The conversation motivated me to give it another shot. I stuck around, committed to the recommended routine, and low and behold: I’ve been seeing better results!
A lot of people underestimate how much commitment is required to achieve their goals, this can be said for anything from losing weight, to gaining fortune and fame to eliminating debt.
The internet age has us addicted to instant gratification and everyone wants to see results right away but, the reality is, you may not see any results at all for months. Maybe even years, depending on what your goal is. I know my impatience tends to be MY downfall.
It’s important not to be deterred just because you don’t get what you’re after right away.
Before you admit defeat, ask yourself:
- Are you being consistent?
- Have you created a routine and stuck to it?
If the answer’s yes and you feel like you’ve hit a wall or a plateaued:
- Are you working around it?
- Are you coming up with new, inventive strategies?
Use your motivations to keep your eye on the prize and continue building on your discipline until you get to where you’re going. Sure, it’s easier said than done but stunting your process will result in prolonged success.
What’s the difference?
When it comes to accomplishing a goal, think of motivation as the why and discipline as the how.
What separates motivation from discipline is action.
Motivation is what brought you to this post. Discipline is what will put these words into practice.
Although motivation will give you the wind beneath your wings, it is the discipline that will propel you forward.
Another difference is motivation doesn’t have to be consistent, it can be sporadic and can strike at any moment like lightning in a bottle but discipline will require commitment and consistency.
After all, the entire basis of discipline is rule and order.
Motivation is the energy you need to achieve your goal but discipline is the strategy that you’ll need to take to get there.
Can You Have One Without The Other?
It is possible to be motivated without being disciplined.
Who else is guilty of just sitting on a load of passion with no direction or plan to execute it?
You can also be disciplined without being motivated by just living your life according to rules and structure but lacking the drive or passion behind it.
Having one without the other is counterproductive to success.
If you want to achieve a goal, you’ll need to find a balance of both.
Which Of These Do I Need More Of To Achieve My Goals?
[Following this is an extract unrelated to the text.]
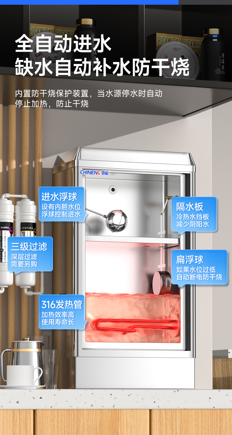 自動(dòng)進(jìn)水:缺水自動(dòng)補(bǔ)水防干燒

Although having both is best, in my research I’ve found that you’ll get nowhere without motivation.
I spoke with Mrs. Ivelisse Villalona, MSW a social worker in the NYC D.O.E who had this to say about the significance of motivation
“Professionally, when I work with kids, for example, it’s difficult to work on changing their behaviors if it’s not something they are motivated to do. So I can talk to them about making better decisions but if it’s not something that’s internal, like if the motivation is not there to make those good decisions, what I’m saying is it’s not going to work.” She continued “You can be disciplined but not necessarily reach your goal unless you have the motivation to do so. So unless the motivation is there, no one can-I feel in my professional opinion and personal, no one can influence your desire, your will to do something.”Ivelisse Villalona, MSW
Even if you have the structure and plan you need, if you’re not motivated to stay on track there will be no movement.
The Bottom Line
If you’re having trouble reaching your goals, I recommend doing some self-reflection.
Therapist Jenny (Jinhee) Lee, LCAT, ATR-BC agrees! She recommends “finding a greater purpose to the goal and meditating on the purpose daily for reminder of what the work in one’s motivation is for. Having a greater purpose outside of the self can help motivate oneself to get through the process.”
After months of seeking, I got my answer: what I was missing was discipline.
Now, I’m fine-tuning my routine every day and I’m happy to say I’ve been finding success! But, I won’t stop here. I’ll keep using my passions and aspirations to feed my commitment and build on my routine until I reach my finish line. Cue Keni Burker’s ‘Risin’ To The Top’.